Risulta del resto significativo, in proposito, quanto affermato da questa Corte con riguardo all’insolvenza atta a giustificare la dichiarazione di fallimento. Occorre ricordare che la situazione di sofferenza è contigua a quella di insolvenza fallimentare, rappresentandone, in buona sostanza, una espressione attenuata (essa postula, come si è visto, una grave difficoltà economica, ma non una definitiva irrecuperabilità): la giurisprudenza di legittimità ha definito la situazione di sofferenza proprio muovendo da una “nozione levior rispetto a quella dell’insolvenza fallimentare” (così, in motivazione, Cass. 12 ottobre 2007, n. 21428 cit.; il concetto è richiamato dalle pronunce successive: cfr., da ultimo, Cass. 25 gennaio 2017, n. 1931, non massimata). Avendo dunque riguardo alla situazione di insolvenza, è da osservare che, secondo questa S.C., il dato di un assai marcato sbilanciamento tra l’attivo e il passivo patrimoniale accertati, pur se non fornisce, di per sè solo, la prova della detta insolvenza, potendo comunque essere superato dalla prospettiva di un favorevole andamento futuro degli affari, o da eventuali ricapitalizzazioni dell’impresa, nondimeno deve essere attentamente valutato, non potendosene per converso radicalmente prescindere, perchè l’eventuale eccedenza del passivo sull’attivo patrimoniale costituisce, pur sempre, nella maggior parte dei casi, uno dei tipici fatti esteriori che, a norma della L. Fall., art. 5, si mostrano rivelatori dell’impotenza dell’imprenditore a soddisfare le proprie obbligazioni (Cass. 1 dicembre 2005, n. 26217; Cass. 20 novembre 2018, n. 29913). Ora, sarebbe incongruo ritenere che una situazione di insufficienza patrimoniale rilevi ai fini dell’insolvenza e non ai fini della meno grave situazione di sofferenza.

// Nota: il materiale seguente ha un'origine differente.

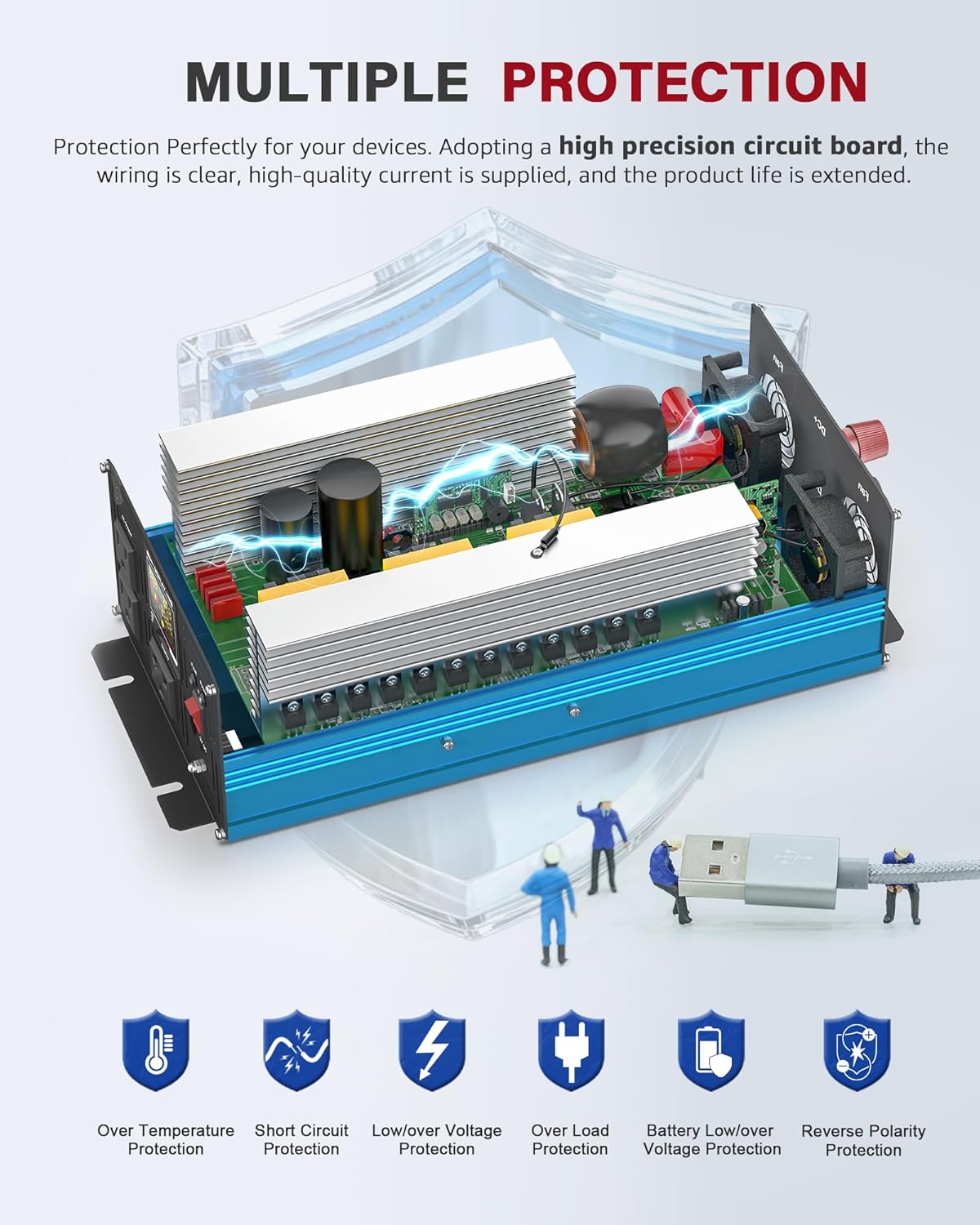 - 【PURE SINE WAVE & LOW ENERGY COMSUMPTION】 LCYMW high-quality 2000 watt inverter is a pure sine wave inverter with 3 AC outlets and 1 2.4A USB ports, which is suitable for most household and car appliances. The pure sine wave power inverter has higher conversion efficiency and greatly reduces the conversion consumption,the inverter output efficiency can be up to 90%.

2.2. – Una diversa conclusione non può trarsi da quanto disposto nella circolare n. 139 della Banca d’Italia sulla Centrale dei rischi, recante istruzioni per gli intermediari finanziari.

È ivi previsto che alla categoria di censimento “sofferenze” vada ricondotta “l’intera esposizione per cassa nei confronti di soggetti in stato di insolvenza, anche non accertato giudizialmente, o in situazioni sostanzialmente equiparabili, indipendentemente dalle eventuali previsioni di perdita formulate dall’azienda” Viene poi aggiunto: “Si prescinde, pertanto, dall’esistenza di eventuali garanzie (reali o personali) poste a presidio dei crediti”.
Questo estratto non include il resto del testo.